Ultimately, demonstration of the ability of a gene-of-interest to control a given trait is derived from experimental testing in a plant species of interest. The generation and analysis of plants that are transgenic for a gene of interest can be used for plant functional genomics, with several advantages. The gene can alternatively be either overexpressed (via transgenesis) or underexpressed (“knocked out”), thereby increasing the chances of observing a phenotype linking the gene to a pathway or response of interest.
Two aspects of transgenic functional genomics help lend a high level of confidence to functional assignments derived from this approach. First, phenotypic observations are carried out in the context of the living plant. Second, the range of phenotypes observed can be checked and correlated with the observed expression levels of the introduced transgene. Transgenic functional genomics is especially valuable in improved cultivar development. Only genes that function in a pathway or response of interest and that in addition are able to confer a desired trait-based phenotype are promoted as candidate genes for crop improvement efforts. In some cases, transgenic lines developed for functional genomics studies can be directly utilized in the initial stages of product development.

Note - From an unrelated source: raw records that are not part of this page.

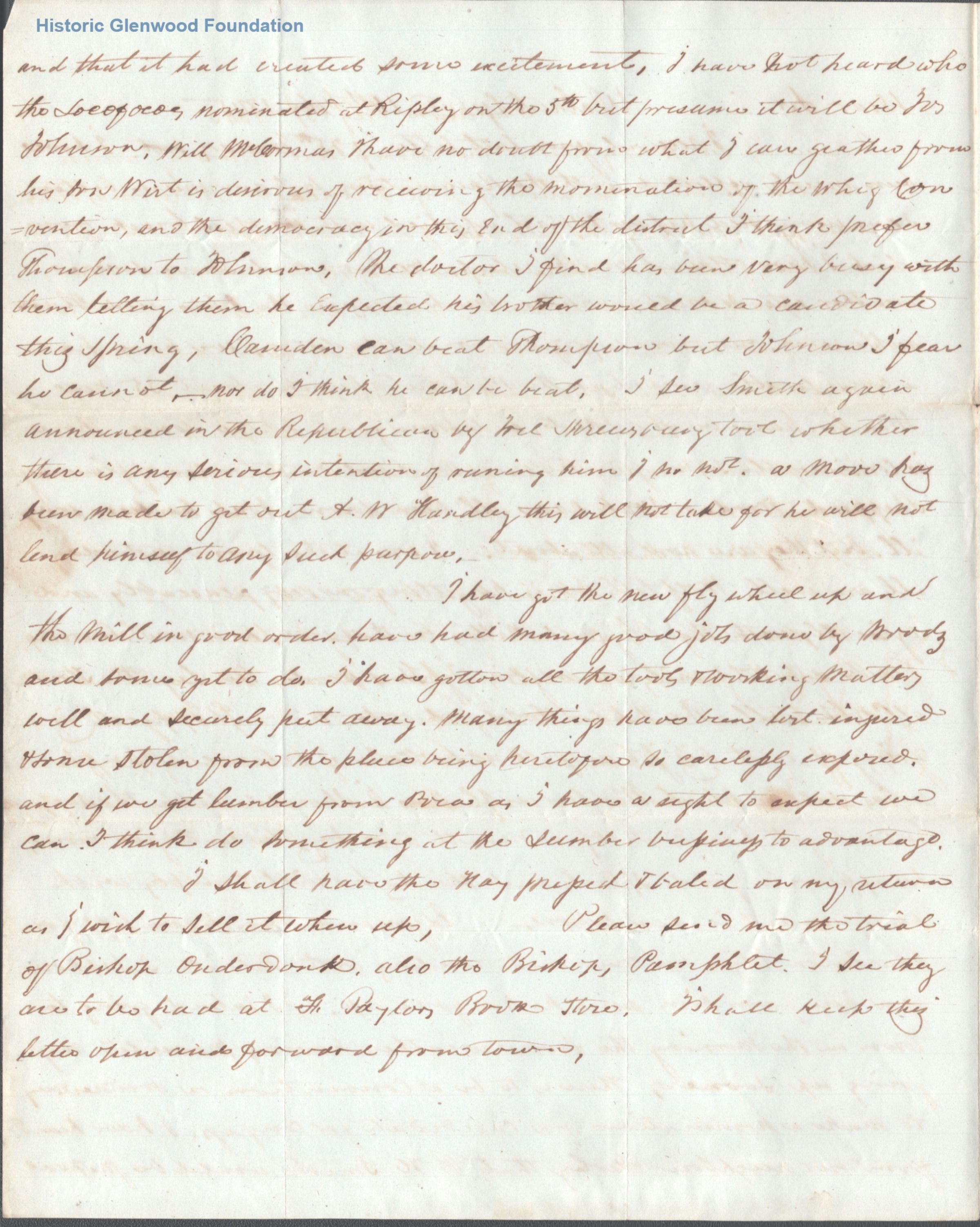 3-page letter to Judge George Summers from William Millan at Walnut GroveDate(s) of Creation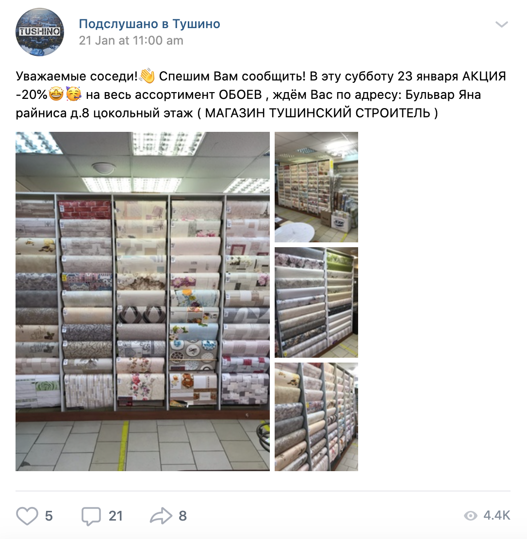 Пост все еще доступен — это сообщение об акции и скидке на обои в магазине «Тушинский строитель». Комментарий Оленева уже удален.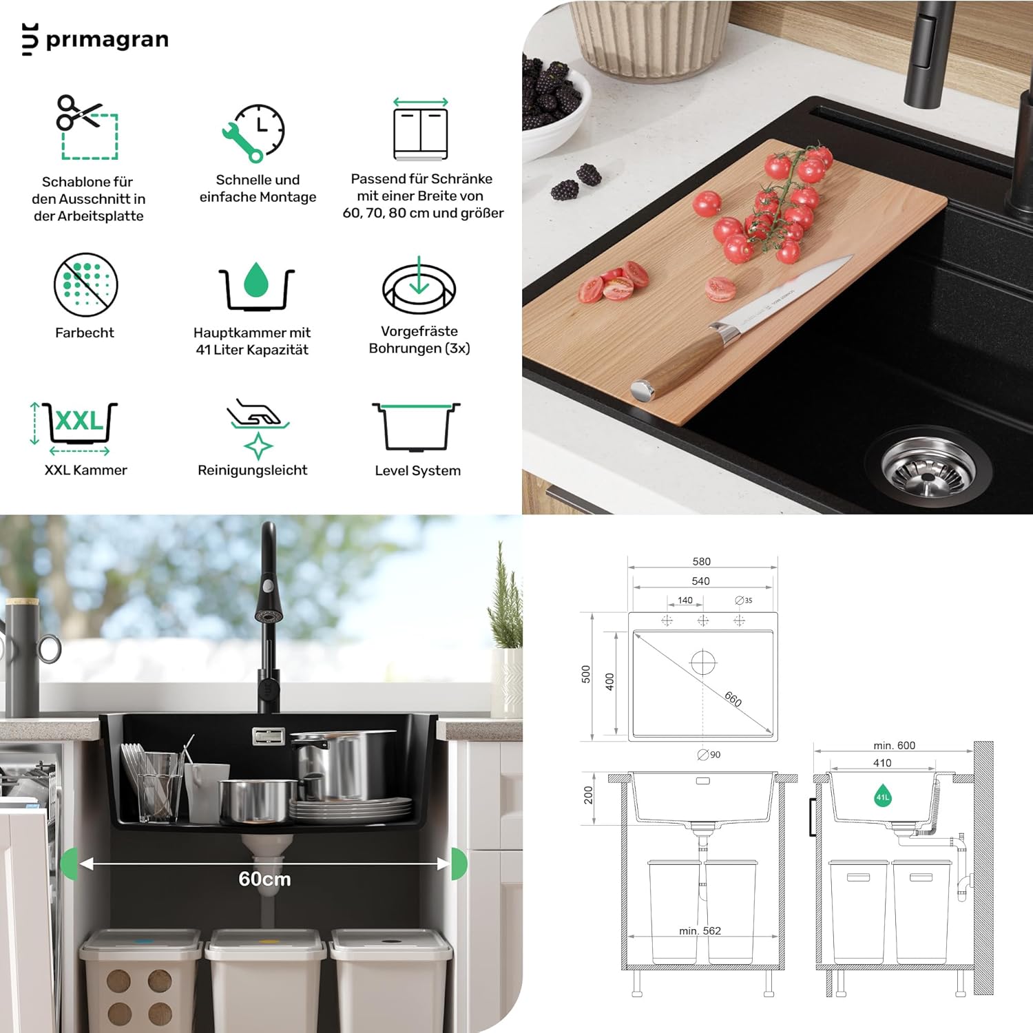 - 🔨 Im set - Spüle Oslo 60 Top, komplettes Abflusssystem (hochwertiger Siphon, Überlauf, zusätzlicher Abfluss für den Anschluss an Waschmaschine oder Geschirrspüler).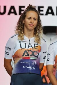 Silvia Persico (UAE Team ADQ) nata ad Alzano Lombardo classe 1997: «La partenza da Bergamo è sempre stato il sogno fino da quando ero piccola, vedremo come andrà, sicuramente sono qua per supportare Elisa (ndr Longo Borghini) e vedremo giorno per giorno. Sono abbastanza tranquilla, un poco di pressione ma bisogna evitare di pensare e pedalare!».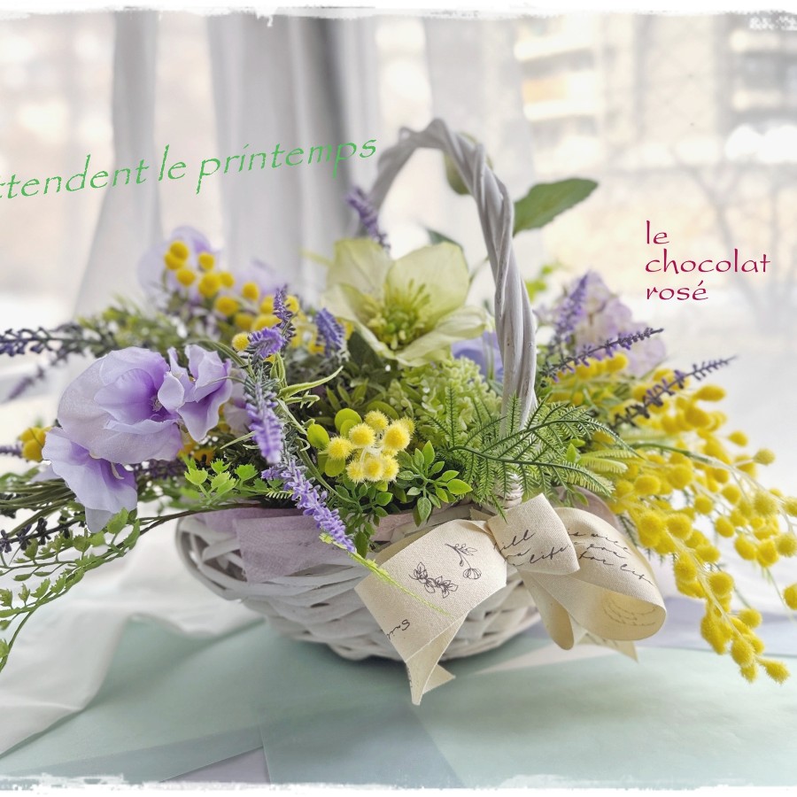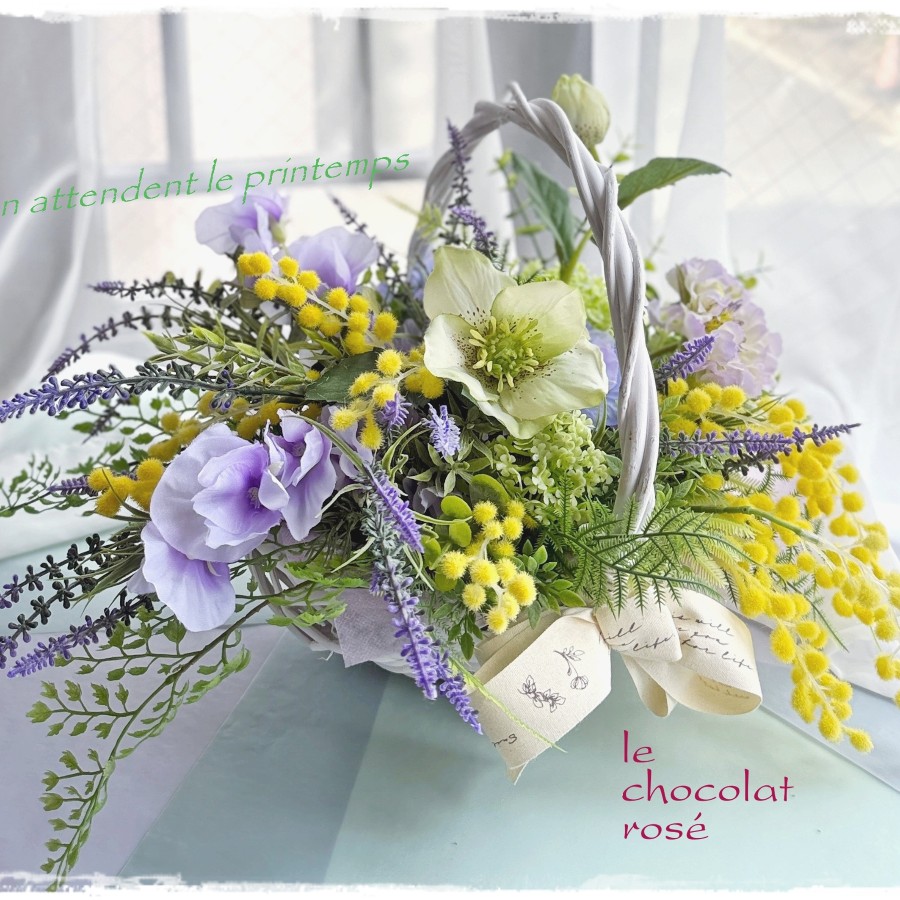 ミモザとラベンダーをバスケットからあふれるように入れて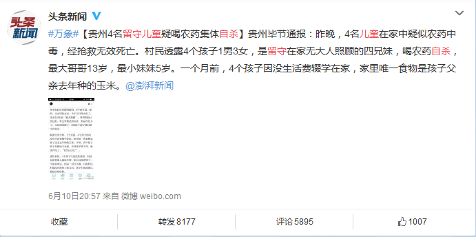 据乐思网络舆情监测系统数据统计:6月10日,贵州毕节市七星关区政府发布该区4留守儿童中毒身亡的消息,随后该新闻被腾讯、凤凰、网易、搜狐、人民网、新华网等众多媒体关注转载,截至11日17时,该话题新闻报道721篇。其中腾讯新闻10日20时8分的报道吸引网友评论58825条,为该话题参与度最高的单篇网络新闻。在微博方面,该话题新浪微博一级传播201条,其中“@头条新闻”10日20时57分发布的该话题新闻被转发8177次,评论5898条,点赞1007次。目前,该事件因为后续结果尚未明朗,事件仍处在不断发酵中。

Another approach towards plant functional genomics involves first identifying plant lines with mutations in specific genes of interest, followed by phenotypic evaluation of the consequences of such gene knockouts on the trait under study. Such an approach reveals genes essential for the expression of specific traits.
Genes identified through functional genomics can be directly employed in efforts towards germplasm improvement by transgenic approaches as disclosed above, or used to develop markers for identification and tracking of alleles-of-interest in mapping and breeding populations. Knowledge of such genes can also enable the construction by any of a number of molecular methods of superior alleles that are non-existent in nature.
Therefore, the identification of genes that can be used for crop and germplasm improvement is needed. This and other needs in the art are addressed by the present disclosure.